Food and other essentials - we generally self-catered for the whole 7 weeks although we did treat ourselves to a flat white in a cafe each day, which cost around NZ$4. A camping gas canister cost NZ$6.50/11.50 (small/large). Food for 5 days for four people bought in Pak N' Save cost around NZ$200, or NZ$10 per person per day, a little bit more if shopping in New World or Countdown. Our general diet consisted of muesli with fruit (banana and kiwi) and yoghurt for breakfast with juice and filter coffee or porridge and coffee when on a trek; then something like cheese, salami and tomato sandwiches or hummus with carrot and cucumber and ryvitas for lunch, maybe with some crisps and then an easy to cook on a camp stove instant meal for dinner. Exceptions included the odd pie or ice cream, the occasional meal in a shopping centre food court for around NZ$11 or a more luxurious dinner when staying in a holiday park, normally some tasty meat with substantial sides.

A beer in a shop cost around NZ$5 for a big bottle, NZ$7 for a pint in a bar. A bottle of New Zealand wine cost anything from NZ$6 up in the same supermarkets. The Marlborough Sauvignon Blancs are obviously popular for good reason although we found the Central Otago red Pinot Noir a little bit disappointing.

When we did treat ourselves to eating out we were able to find a takeaway Indian meal for around NZ$12, fish n' chips for around NZ$8 or a lunch special (especially in places like Queenstown) for around NZ$10-15. One place that is worth a splurge is a crayfish bar in Kaikoura. There is the famous Nins Bin on the highway north of town but we preferred the crayfish meal offered by Aromas Hut, close to the town on the scenic coastal drive. A whole cray with chips and salad cost NZ$50. The other NZ specialities that we enjoyed were the real fresh fruit ice creams, a novel idea where fresh fruit is mashed up with vanilla ice cream. They can be hard to find but are always well worth it and cost around NZ$3. A more savoury treat is the Steak and Cheese Pie, a NZ tradition, around $4 to clog your arteries up a little but more!

When camping and trekking one thing that you do need is to find a regular shower. We killed two birds with one stone by visiting local swimming pools, spending an hour swimming to loosen up the tired muscles and then a hot shower to feel sparkly clean afterwards. Most pools charge around NZ$4 for entry, some of the best ones were in Wellington, Nelson, and Queenstown.

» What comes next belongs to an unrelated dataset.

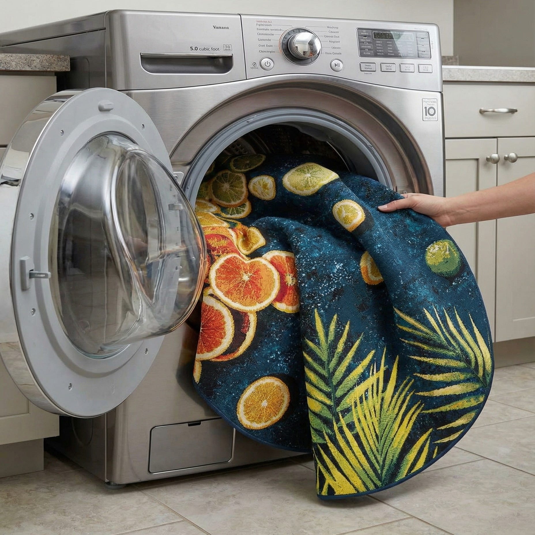 A round, multi-colored rug with a dark blue background, featuring vibrant palm fronds and citrus slices like oranges, lemons, and limes.

Of course Queenstown is famous for extreme sports and so if you want to jump off of a bridge with a bungee rope attached to your legs, or be hurtled around the bay in a jet boat then there are plenty of companies ready to help you do it. We have no first hand experience as we were here for totally different reasons but my observation is that these activities are not cheap and you won't get much change out of NZ$200 for any of them. One splurge we did make was to go on the Milford Sound cruise, at a cost of NZ$78 per person. There are a few companies but we picked Mitre Peak as they had the smallest boat, avoiding the coach tours. We had been told that if you arrive in Milford Sound and the sun is shining you have to go on the cruise. It was, so we did. It was OK but not quite up to the hype surrounding it, or the price in my opinion. I would have valued it at NZ$50 but this is not a judgement or criticism of Mitre Peak, they were great and I expect if I had chosen another company I would have valued it lower, it just didn't push my buttons is all.

A final word about Christchurch, the city has experienced awful luck over the past couple of years. We were lucky to see it as the positive efforts of the people were really taking shape - the container mall area was very busy and the walkway to Cathedral square was drawing people back into the centre. I think that prior to the earthquake Christchurch must have been New Zealand most beautiful city and the one in which you could spend most time, I hope it returns to this state sometime soon.

We spent NZ$2800 in 47 days between 2 people which works out at just under NZ$60 per person per day, although we were travelling in a group of 4 people for the majority of the trip. Travelling in this style you could easily reduce this down to NZ$50 by cutting out the coffees and the occassional treat such as a takeaway meal or a big meal cooked at a holiday park (i.e. steak for four people).